Jobs in 2021 will be different from jobs in 2019. Some features will be very new. Some may vanish altogether. But some will remain for the next 10 or 20 years, particularly the use of digital technology and the internet for remote working and projectisation
The concept of a ‘gap year’ is unheard of in India. I remember a friend who had joined IIT Madras with me, taking a gap year when we hit the last semester. He took six years to graduate but unlike many of us, he stayed true to his chosen discipline of Mechanical Engineering.
That was in college. What about a ‘gap year’ for a professional? Most HR executives while interviewing candidates do not look kindly at a gap in the resume. This is generally viewed as being unemployed after being sacked from the previous job.
But COVID-19 has, in fact, made 2020 a gap year for all of us. Many sectors have seen wholesale layoffs. Several careers have hit a wall.
Millennials, in particular, have had a forced gap year. “There is no guarantee that a gap year will reveal a young person’s true calling,” writes Chetan Mahajan in his column in Business Line. “But at least one will be treating an adult like an adult, and making them responsible for their future. In the process, the youth may escape a rut and discover true joy.”
Unfortunately, the forced gap year has not been a year of epiphany for all. That is a missed opportunity. Even now it is not too late to use the slower pace of work and #WorkFromHome as an opportunity to discover and learn new things.
As a B-School Dean mentioned in a webinar, be ready to answer the question, “What did you do during 2020 that you would not have done any time else?” It could have been taking a new course on Digital Marketing or learning to play the guitar from a digital guru. But be ready to answer the question, was his advice to his students and alumnus.
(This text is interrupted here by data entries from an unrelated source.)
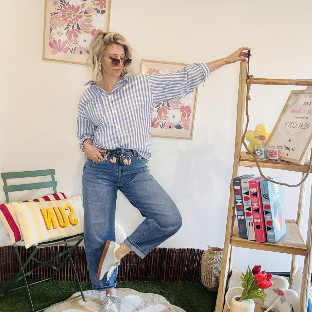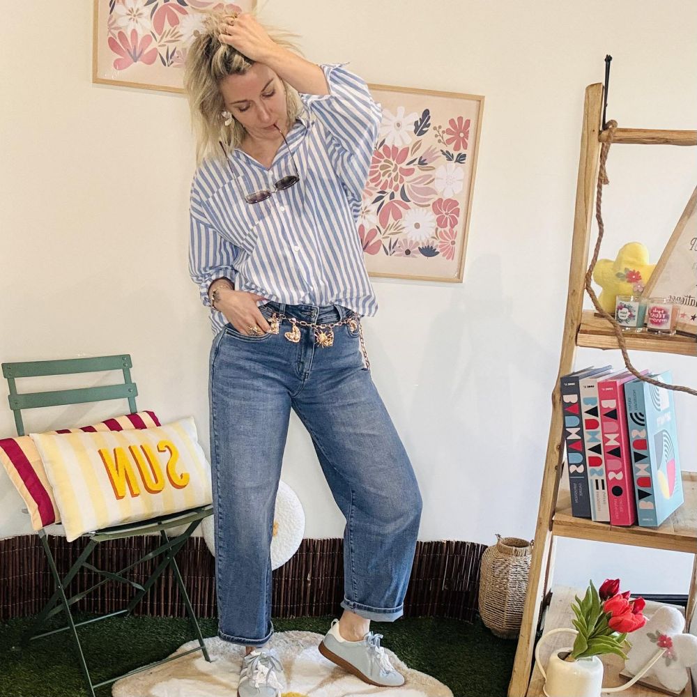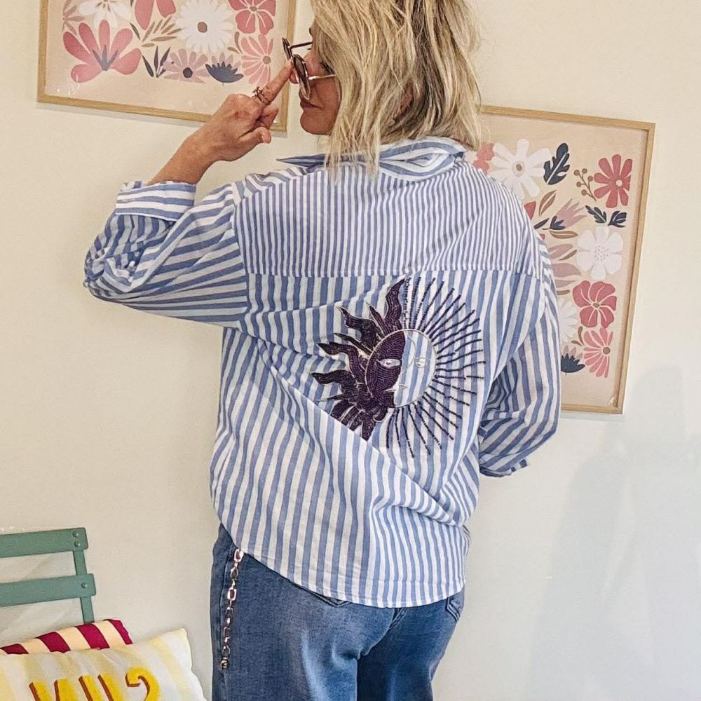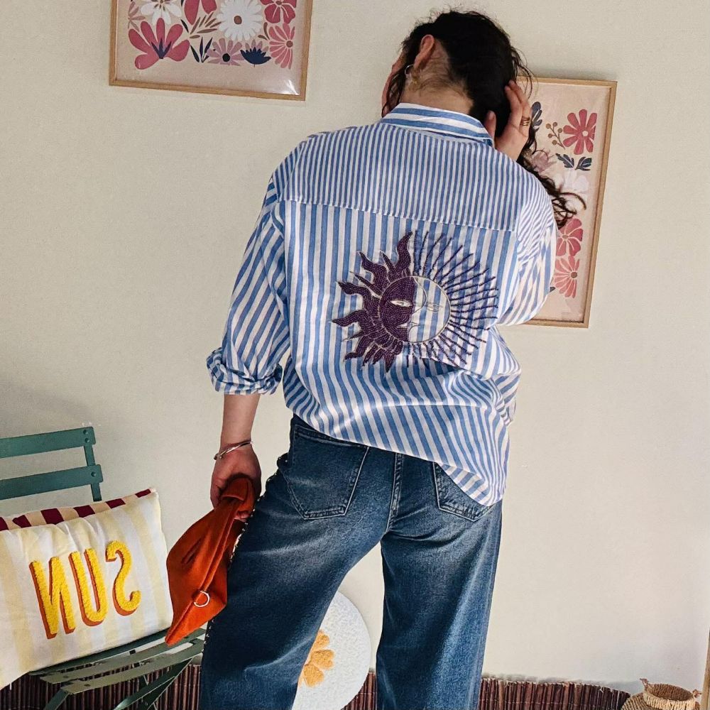 Son motif à rayures bleu et blanc apporte une allure intemporelle, tandis que le détail signature dans le dos – un sublime soleil brodé en coloris aubergine orné de perles – apporte une touche bohème chic et lumineuse.
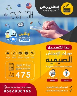 تنطلق دوراتنا الصيفية في نادي اللغة الإنجليزية الإلكتروني بنظام التعليم عن بعد على منصة «Zoom». احضري معانا.. 3 أيام بالأسبوع في موعد ووقت ثابت لمدة شهر ونصف.. أي ما يعادل 3 حصص مدرسية تقريبا، «تتخللها استراحة 10 دقائق». تتم اختبارات تحديد المستوى إلكترونياً عن طريق ارسال رابط لكل طالبة قبل الدورة. الوقت واليوم يعتمد على مستواك.. ونبدأ من 4 عصراً إلى 10:30 مساء. ايش تنتظري!!.. يلا انضمي معانا الآن في دورة مدتها 6 أسابيع.. نتعلم مهارات اللغة الإنجليزية... |
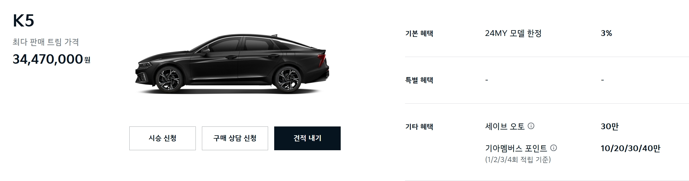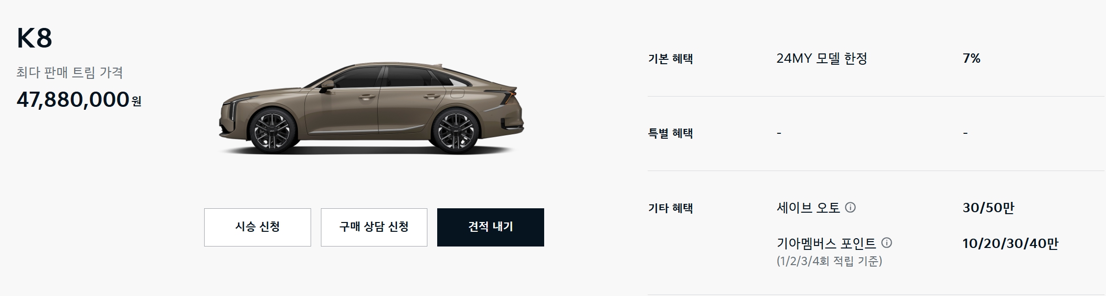 지난달에는 K5 할인이 전혀 없었으나, 이번 달에는 24년형 모델 한정 3% 할인이 있습니다.
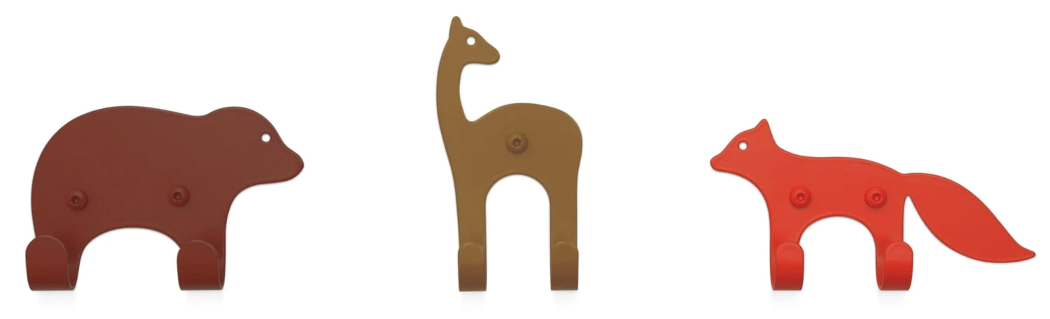 Mit dem Garderobenhaken-Set Savanna macht Aufräumen endlich Spaß. Ob Jacke, Rucksack oder Kuscheltier: Spielend ordnen die Kleinen ihre Lieblingsstücke den Motiven Flamingo, Flusspferd oder Giraffe zu. Schöner Nebeneffekt: endlich Ordnung auf der Safari-Tour.
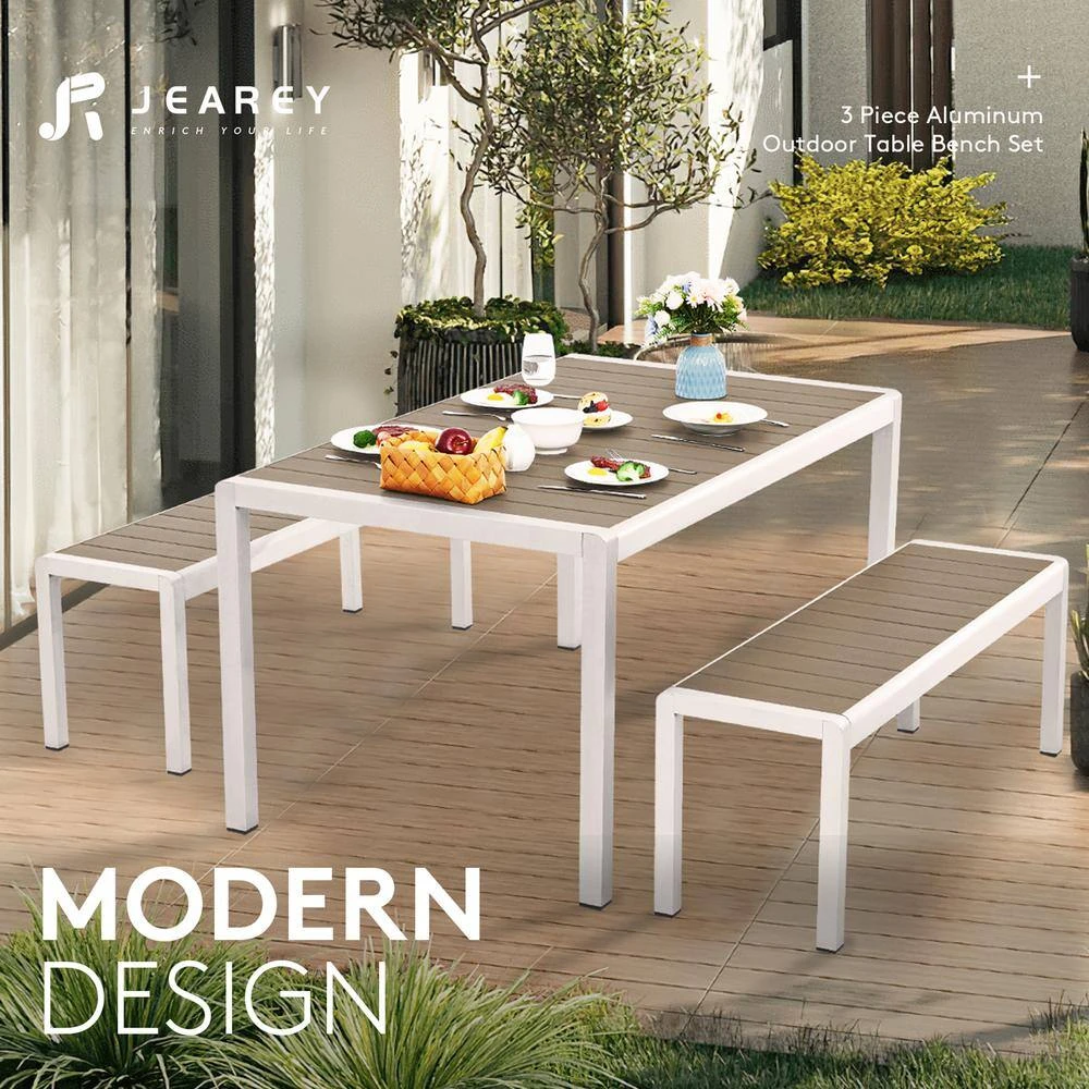 6 – Person Rectangular Teak Metal Outdoor Dining Set
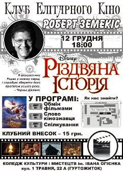 Клуб Елітарного Кіно запрошує житомирян в гуртожиток коледжу культури і мистецтв імені Івана Огієнка 12 грудня на перегляд фільму "Різдвяна історія".
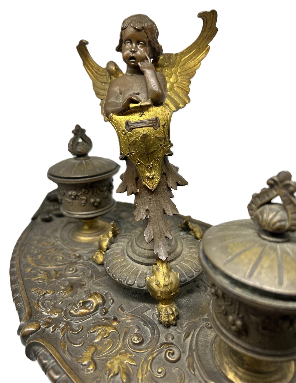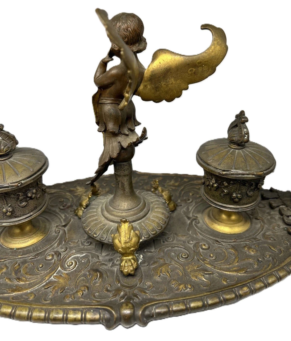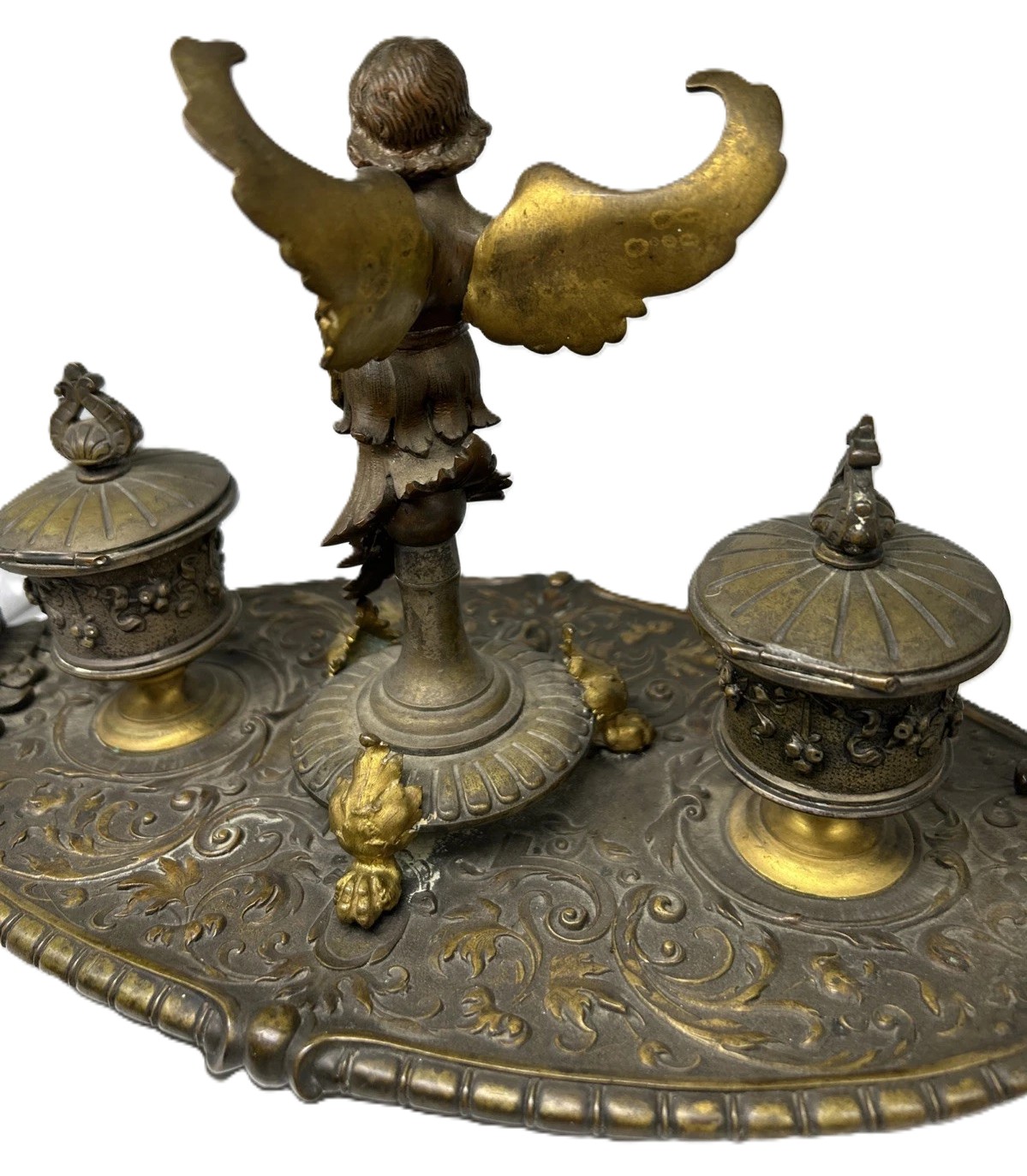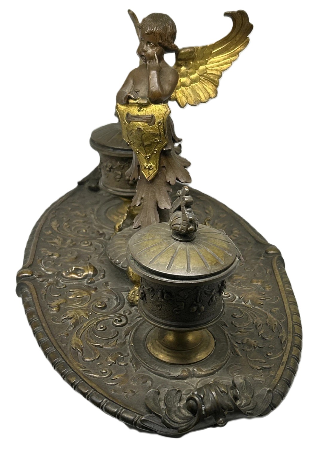 - Dual Inkwells: Flanking the central angel are two matching inkwells. They are urn-shaped, with decorated bodies in relief, featuring garlands of fruit. Each inkwell has a domed lid with an ornate finial.

As the fear of the pandemic eases, new workplace norms will emerge and new skills will be in great demand.
“Technology will play a much larger role across different verticals — from manufacturing to logistics to healthcare to education and more,” said Nasscom president Debjani Ghosh in an interview with Business Line.
Work from anywhere
The application of technology and work from home or work from anywhere is going to bring IT services to the centre of the organisational ecosystem. Tools have to be created and implemented to safeguard company confidentiality at the same time facilitate smooth working. So if you are in IT, be ready to become more innovative and agile.
Millennials have taken to work from home like a duck to water. A poster child for this generation is the founder of Zoho, Sridhar Vembu. True to his company, which is about enabling digital work culture, he has been running a multi-billion dollar global corporation from his remote village in Tamil Nadu.
In other words, the next phase of work from home is work from anywhere. Why work in pollution-afflicted Gurgaon when you can do the same from a nice little cottage in Goa?
Zoom fatigue is a reality, with many people I spoke with wanting to get back to their offices. But there are also a large number of white-collar workers who want to continue this #WFH and #WFA culture.
This brings to focus on what the office will be like in June 2021. HR departments in companies have been going through challenging times. Employees have been complaining of attending not just work-related Zoom meetings but also motivational Zoom meetings and cringe-worthy ‘antakshari’ sessions organised by HR teams. Where will HR draw the line?
Also, work from home is not easy for all employees. Some have had serious logistical issues like finding a quiet place to work. Working women have had a trying time juggling school classes for their kids and attending to office duties. Millennials are anxious about losing their job (out of sight, out of mind).
HR teams may therefore have to figure out new ways of monitoring organisational ‘mental’ health.
The pandemic has also created new opportunities in HR. Training, which was a neglected child, has got a new boost with the benefit of remote learning. I see this getting new wings in 2021. HR departments now have the opportunity of delivering on their goal of seven or nine days of training for all employees. This used to be a lofty goal in the past, but now it can really happen.
In a global survey done by Lenovo on ‘Technology and The Evolving World of Work’ — covering 20,000 people in 10 countries including India — 72 percent of the Gen Y and Gen Z said that they were more productive working from home. And 75 percent of those interviewed from India said they would continue to work from home.
This is going to pose new challenges to HR heads. How do you create a company culture and social capital if people hate coming to work? New work systems may have to be created.
For example, will it now be the job of HR to create employees’ bubbles in several parts of a big city and encourage get-togethers, parties, jogging, and trekking expeditions?
Companies are also now clear that having a ‘gap year’ on your resume does not disqualify you. Some corporates have even put down a policy for ‘Boomerang Placements’. This is a new phenomenon where you hire back employees who you let go as recently as 18 months earlier.
So keeping in mind that you may be head-hunted by your past employer for a boomerang hire, be sure not to burn any bridges. And keep in touch with all your old colleagues.
Jobs in 2021 will be different from jobs in 2019. Some features of jobs will be very new. Some may vanish altogether. But some will remain for the next 10 or 20 years, particularly the use of digital technology, use of the internet for remote working, projectisation of work and dissipation of corporate culture.
The smart employee will be able to find solutions to ride these changes. And smart employers will be able to adapt to these changes, even build a new definition of the corporate culture.